Regarding trouble shooting, you need to unwind the events that are occurring in your apps timeline (not entirely trivial now that you're hiding state away in stacks (fibers)). You'll probably need to smatter your code with logging, but as you've observed, timing based race conditions are non-trivial to debug in high level languages because making changes for debugging cause significant changes to the runtime profile. This is why simpler always wins in these environments in the long run.

If I were attacking the code, it's likely I would first refactor for simplicity (this is not "ease of authorship" (e.g. synchrony), it's runtime simplicity - few, purposeful steps). When I talk about simplicity, I mean the whole application stack, not just "the code". That includes all the libraries you use, including the interpreter. Once you have a simple enough program you can reason about portions of it with precision. That reasoning will then lead you to identify the problems. Alternatively you can try to use more complex debugging techniques, but I suspect you'll come up against the ruby tragedy of tooling, being able to switch fibers, wrangle the reactor, and so forth are not really tooled at all in our environments. You're probably on 1.9, which also means that most of the more useful gdb scripts you might find out there also won't work for you, and the backtraces will also be less useful unless you know the JIT.

Good luck.


On Aug 23, 2012, at 11:47 AM, Jonathan Hyman <hyma...@gmail.com> wrote:

I'm using EventMachine to write an Apple Push Notification Service.

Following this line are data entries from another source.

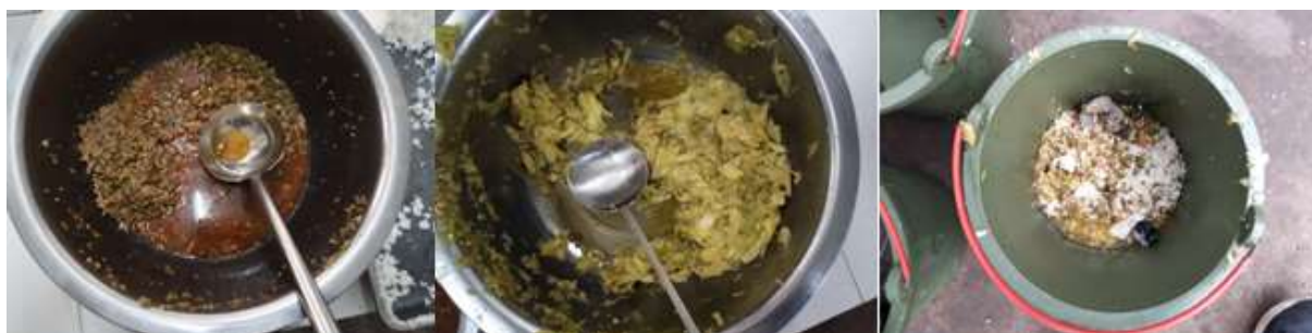
图III-4 餐后浪费情况组图
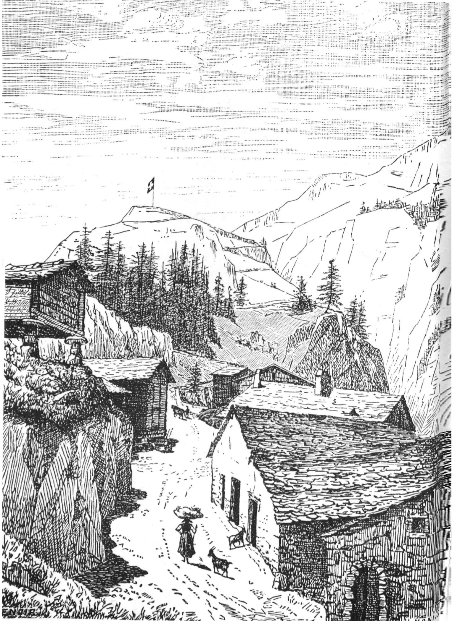
Der alpine botanische Garten der Linnaea in Bourg-Saint-Pierre. 222
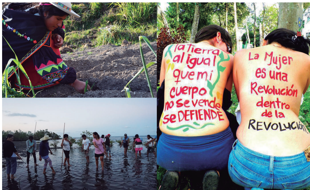
De izquierda a derecha, de arriba abajo: 1.- Formacion agraria. Titichachi, Bolivia. InteRed 2.- Pesca. Bicol – Sorsogon, Filipinas. InteRed 3.- La tierra no se vende se defiende

Como mencionábamos en el primer apartado de este documento, todas estas acciones en las que no priorizamos el bienestar de la naturaleza nos han llevado a estar ante una crisis ecológica nunca vista hasta ahora. Y debido a no priorizar el bienestar colectivo, preocupándonos más por tareas productivas y menos por la reproductivas, llegamos a una crisis de Cuidados. Ante tal crisis, desde muchos movimientos sociales se han generado propuestas teóricas y prácticas que han llevado a repensar nuestras acciones.
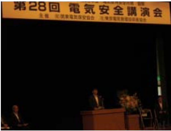
名久井産業保安監督部長挨拶
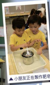
▲小朋友正在製作肥皂
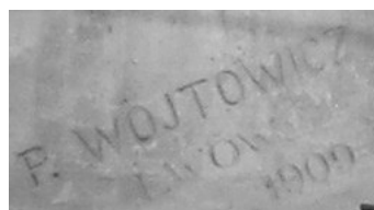
Підпис П. Войтовича на скульптурі “Мистецтво”

Нечастим і малопримітним атрибутом оздоблення львівських кам’яниць є підпис майстра на його роботі. Більшість зі збережених підписаних робіт було створено на початку ХХ ст.; у підписі переважно зазначено прізвище автора, часом ініціали або ім’я, рік і місто. У Львові можна побачити підписи скульпторів і художників Ю.Белтовського, Т.Блотницького, П.Войтовича, Б.М.Маковича, К.Пйотровича, С.Пліхаля, Я.Г.Розена та ін. Підпис митця спрощує встановлення авторства, датування роботи, дає змогу побачити розвиток протягом його творчого життя.
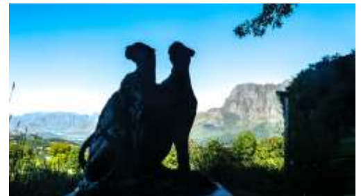
Skulpturen bei Delaire-Graff

Am Nachmittag brechen wir von hier direkt zum Flughafen auf.
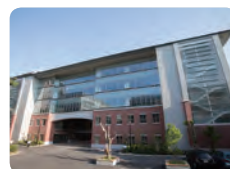
国際科学イノベーション棟
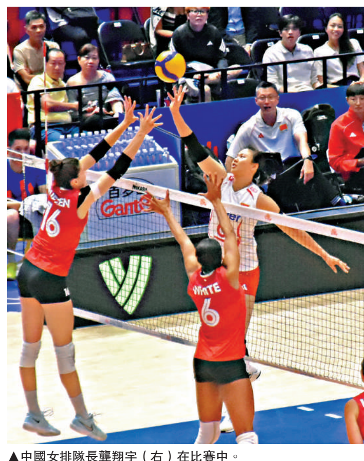
▲中國女排隊長龔翔宇（右）在比賽中。
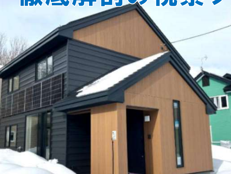
↑ 株式会社藤城建設も遂にリノベーション事業をスタート！ スタートから受注が止まらない、モデルハウスが見れる
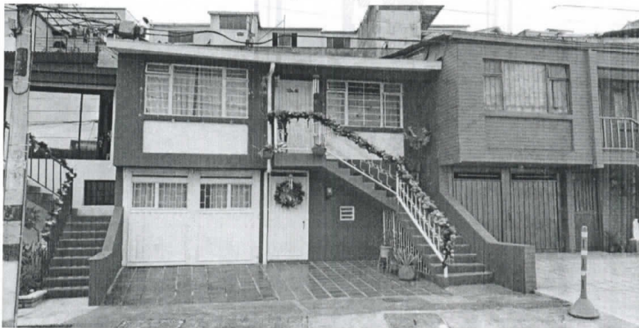
Fotografía 1. Frontal
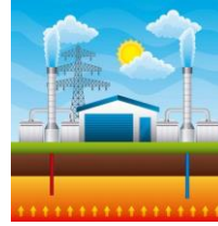
الطاقة الحرارية الجوفية
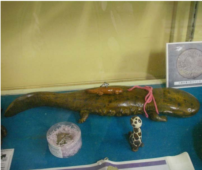
写真7 豊岡土木職員の作品
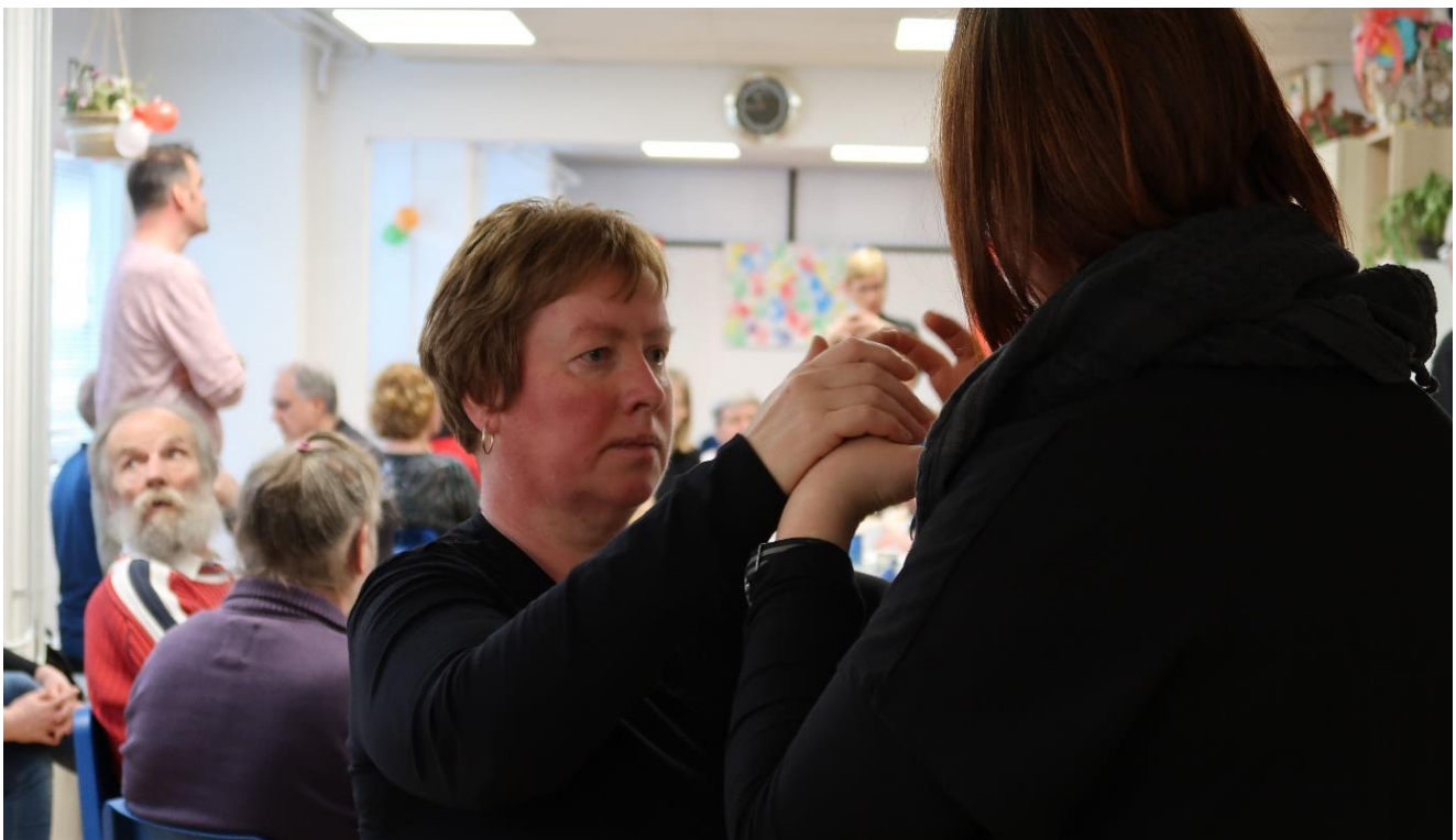
Prejemanje informacij izključno preko dotika

The way that this works is that I open up a connection to Apple and send notifications, and if they receive an invalid notification then they send back a packet with data indicating an error and then drop the connection. I use receive_data to read the error. When I send a small number of notifications, this works great: I'll send a dozen or so notifications with a few purposefully malformed payloads and get data back in receive_data. However, if I try to send thousands of notifications with a purposefully malformed payload in the middle, I expect to receive the error packet in receive_data. I confirmed that the packet is received by my machine using Wireshark, but in some cases the receive_data callback is never called. I do see the unbind callback caused by the connection dropping, but it appears that the data that comes before that is being ignored. In Wireshark, this looks like a FIN packet followed by a RST.

The way in which I wrote this is using EM-Resque (https://github.com/SponsorPay/em-resque), which uses Redis as a queue for jobs. My EventMachine process looks at the queue for push notification jobs and if it finds one, sends push notifications. EM-Resque uses EM::Synchrony.sleep in between checking for new jobs. EM::Synchrony.sleep uses Fibers and yields them to be non-blocking. Thinking that perhaps the Fiber yielding was the cause of this, I rewrote that loop do not yield but instead use EM::Timers. Something like this:

work_loop = lambda do
  # look for a new job and process it
  EM::Timer.new(1) { EM.next_tick(&work_loop) }
end

This did not solve the problem, so I don't think it's related to the EM::Synchrony.sleep.

I am also seeing weird races here; sometimes it works and I get the data back in receive_data, but sometimes it does not. If I remove a log statement in between each send, that increases the probability of it succeeding. So my gut tells me there's a race going on here.

My best guess is that the disconnect is coming in and flushing out any data that would be sent to receive_data (the reverse of close_connection without writing). I'm not sure if that is the case, I don't know if disconnect could drop data on the floor, but that's my current hypothesis.

Does anyone have any suggestions for troubleshooting?